Отписал Иван Третий, что в Яжелбицы пришла тверская дружина. Это была добрая весть. Твери давно надо было признать, что московские князья великие ещё со времён Ивана Даниловича Калиты. Ан нет, все мнят себя выше Москвы…

И подумал великий князь Иван Молодой, что в последние годы после смерти матери, великой княгини Марии, её брат Михаил Борисович, тверской князь, всё больше к Литве поворачивается, чем вызывает гнев государя Ивана Третьего. Не привело бы это к войне Москвы с Тверью…

Чуть погодя князь Иван подумал: «Может, теперь, когда князь Михаил послал свою дружину на Новгород, смягчатся отношения между тверскими и московскими князьями?»

Очнулся Дмитрий Борецкий, когда его, окровавленного, волокли в заросший ров, в который сваливали убитых новгородцев.

Он открыл глаза и с ужасом увидел, что с ним поступают, как с погибшим. Дмитрий хотел закричать, когда один из московитов сказал товарищу:

— Во, он очами зыркает!

С Борецкого уже стащили броню, и он оставался в дорогом кафтане.

— То непростая птица, — заметил второй московит, — надобно его воеводе Даниилу Дмитриевичу показать.

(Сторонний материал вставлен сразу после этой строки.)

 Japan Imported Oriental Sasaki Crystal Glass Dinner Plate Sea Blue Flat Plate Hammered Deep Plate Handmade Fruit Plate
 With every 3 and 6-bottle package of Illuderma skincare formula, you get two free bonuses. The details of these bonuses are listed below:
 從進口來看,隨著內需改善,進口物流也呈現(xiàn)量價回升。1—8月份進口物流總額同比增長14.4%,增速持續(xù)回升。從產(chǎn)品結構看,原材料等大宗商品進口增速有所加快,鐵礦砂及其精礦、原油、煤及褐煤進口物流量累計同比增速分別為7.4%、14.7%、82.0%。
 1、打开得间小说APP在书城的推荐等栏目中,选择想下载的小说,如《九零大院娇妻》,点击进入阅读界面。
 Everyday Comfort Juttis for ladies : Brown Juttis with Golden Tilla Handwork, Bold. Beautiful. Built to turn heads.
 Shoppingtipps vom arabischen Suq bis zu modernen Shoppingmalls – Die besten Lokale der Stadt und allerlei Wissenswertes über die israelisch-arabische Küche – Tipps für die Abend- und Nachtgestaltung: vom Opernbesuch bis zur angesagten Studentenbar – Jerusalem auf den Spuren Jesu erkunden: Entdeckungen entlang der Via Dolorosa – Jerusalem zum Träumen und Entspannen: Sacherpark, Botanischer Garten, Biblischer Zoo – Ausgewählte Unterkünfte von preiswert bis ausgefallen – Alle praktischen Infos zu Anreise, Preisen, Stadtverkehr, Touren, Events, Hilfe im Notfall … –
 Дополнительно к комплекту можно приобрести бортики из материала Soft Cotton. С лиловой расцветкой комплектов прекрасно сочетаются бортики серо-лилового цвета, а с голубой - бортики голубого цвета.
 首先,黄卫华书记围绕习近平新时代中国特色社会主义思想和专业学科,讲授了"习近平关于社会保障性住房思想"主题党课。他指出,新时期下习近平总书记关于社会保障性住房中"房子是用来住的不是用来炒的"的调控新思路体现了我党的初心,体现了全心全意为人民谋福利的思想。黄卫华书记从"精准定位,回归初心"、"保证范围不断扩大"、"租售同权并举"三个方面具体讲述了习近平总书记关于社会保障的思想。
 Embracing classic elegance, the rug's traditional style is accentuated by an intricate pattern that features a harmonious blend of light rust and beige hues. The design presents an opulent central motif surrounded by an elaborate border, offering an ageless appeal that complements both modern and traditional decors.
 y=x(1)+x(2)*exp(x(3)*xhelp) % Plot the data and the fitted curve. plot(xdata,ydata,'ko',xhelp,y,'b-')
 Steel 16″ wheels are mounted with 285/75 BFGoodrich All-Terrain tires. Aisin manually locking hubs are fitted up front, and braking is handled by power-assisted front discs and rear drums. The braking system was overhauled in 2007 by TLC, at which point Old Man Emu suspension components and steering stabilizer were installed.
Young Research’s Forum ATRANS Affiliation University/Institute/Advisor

Кто-то отправился на розыски князя Холмского, а Дмитрий вспомнил, как всё происходило. Как рассыпался новгородский «клин», как начали разбегаться ратники. Уносились конные, а второй московский воевода ворвался в самую середину «клина». Он, Дмитрий, отбивался и, не окликни его кто-то, может быть, и ускакал бы, но стоило ему посмотреть в сторону, как сильный удар оглушил его. Он сполз с седла, и конь потащил его по полю…

Больше Борецкий уже ничего не помнил.

Он стоял, прислонившись к дереву, когда подъехал Холмский. Увидев Дмитрия, удивился:

— Вон кого полонили, самого боярина Борецкого, второго воеводу… К государю Ивану Васильевичу на допрос его повезём…

Известие о смерти сына Марфа Исааковна получила от бежавших с Шелони новгородцев. Не выла, зубы сцепила, стерпела. На Совет господ явилась лютая, волосы космами вылезли из-под повойника. Откинула полу епанчи[23], уселась в кресло напротив архиепископа, из груди только хрип раздался. Ни к кому не обращаясь, зло повела по палате очами:

— Дождались? Кто Казимера в воеводы назвал, кто намерился своими силами Москву сломить? Аль запамятовали, как похвалялись сорок тысяч ратников выставить? А я взывала кликать Литву, без Литвы Москву не одолеть! Эвон как московиты разорили наши земли, сколь беженцев за стенами новгородскими защиты ищут! Поди, пол-Руси укрылось!

Иван Лукинич поёжился, кашлянул:

— Охолонь, Марфа Исааковна, аль нам ноне не горько? Сама ведаешь, в каждый дом горе ворвалось.

Борецкая подскочила:

— Меня утешаешь? Ты, Иван Лукинич, с Москвой давно заигрываешь! Мне ль забыть, как ты перед великим князем Иваном Молодым разве что не стлался! — И вздрогнула, словно горячая лошадь под хлыстом. — Его, волчонка, с дьяком московским Фёдором из города гнать надлежало, а ты, Иван Лукинич, улещал. Вот и доулещался… Ты сказываешь, горько в каждом доме, горечь полынная. Да не то горько, что мужики полегли, сына моего Митрия убили, горько, что Новгород волю свою теряет… В сполох надо бить, посадник, всем на стены встать. К этому взываю! Не желаем хомут московский на себя надевать!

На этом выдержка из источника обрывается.